The information processing device according to any one of claims 1 to 6, wherein the input means inputs the instruction information which is voice information emitted by a user.

The information processing apparatus according to any one of claims 1 to 7, further comprising a storage means for storing the plurality of patterns of work groups.

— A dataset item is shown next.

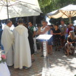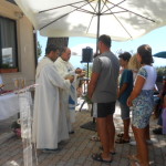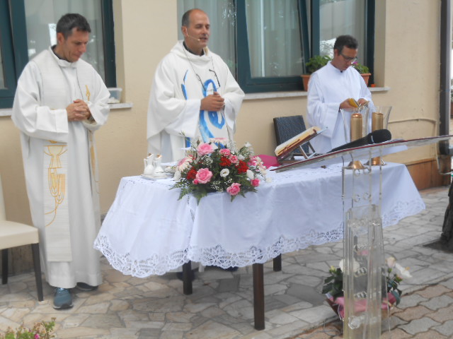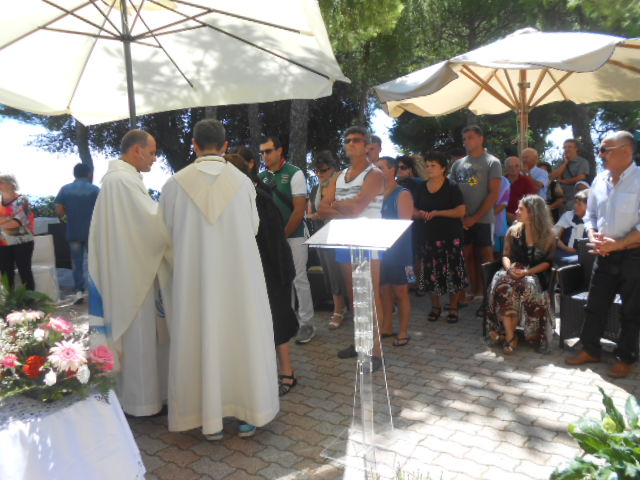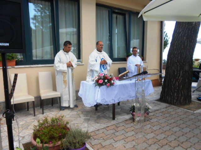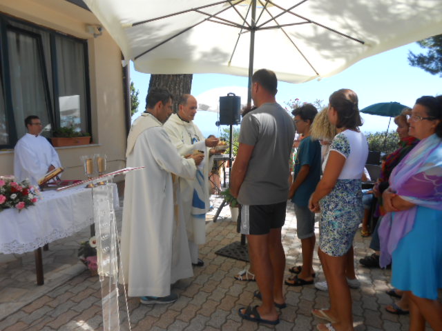 ACQUAVIVA PICENA – Venerdì 15 agosto, la celebrazione della messa delle 11:15 non si è tenuta nella chiesa parrocchiale, San Niccolò, ma in un luogo non consueto: l’Hotel Abbadetta, dove ultimamente sono ospitati alcuni dei tanti rifiugiati che giungono con i barconi lungo le nostre coste. La celebrazione dell’eucaristia è avvenuta all’esterno della struttura; il parroco don Alfredo, infatti, ha scelto l’ombra degli alberi del giardino per concelebrare la messa con il sacramentino Padre Genziani Antonio. Hanno partecipato sia i parrocchiani che gli ospiti dell’albergo che via via si sono uniti all’assemblea. Il 15 agosto viene ricordato il dogma dell’Assunta, una verità da credere e una vita da vivere, che ci ricorda che tutti noi possiamo imitare Maria, perché lei, così piccola, umile, semplice e giovane ha reso grande Dio portandolo nel suo grembo.
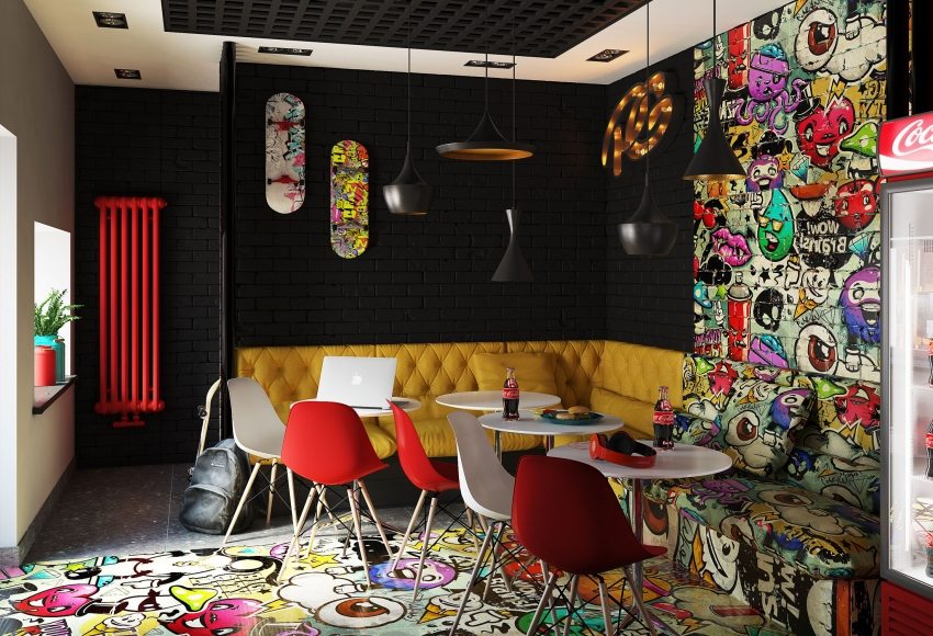 3D wallpaper in the design of restaurants and cafes

The information processing apparatus according to any one of claims 1 to 8, wherein the specific means determines the order of work to be performed based on the specified work group.

The information processing apparatus according to any one of claims 1 to 9, further comprising a generation means for generating control information of the robot based on the work group specified by the specific means.

The information processing apparatus according to any one of claims 1 to 10, further comprising a presentation means for presenting the work determined by the determination means and the order of the work to the user.

The information processing apparatus according to claim 9, wherein the presentation means presents the work by generating an image showing the work and the order of the work.

The information processing apparatus according to any one of claims 1 to 12, further comprising a learning means for learning control information of the work when a work not included in the work group is instructed.

A program for causing a computer to function as each means included in the information processing apparatus according to any one of claims 1 to 13.

An information processing method that causes a robot to execute a work group consisting of multiple tasks.
An input process for inputting instruction information indicating at least a part of the work in the work group, and
An information processing method comprising:, among the plurality of patterns of the work group, a specific step of specifying a work group including the work indicated by the instruction information as a candidate of the work group to be executed by the robot.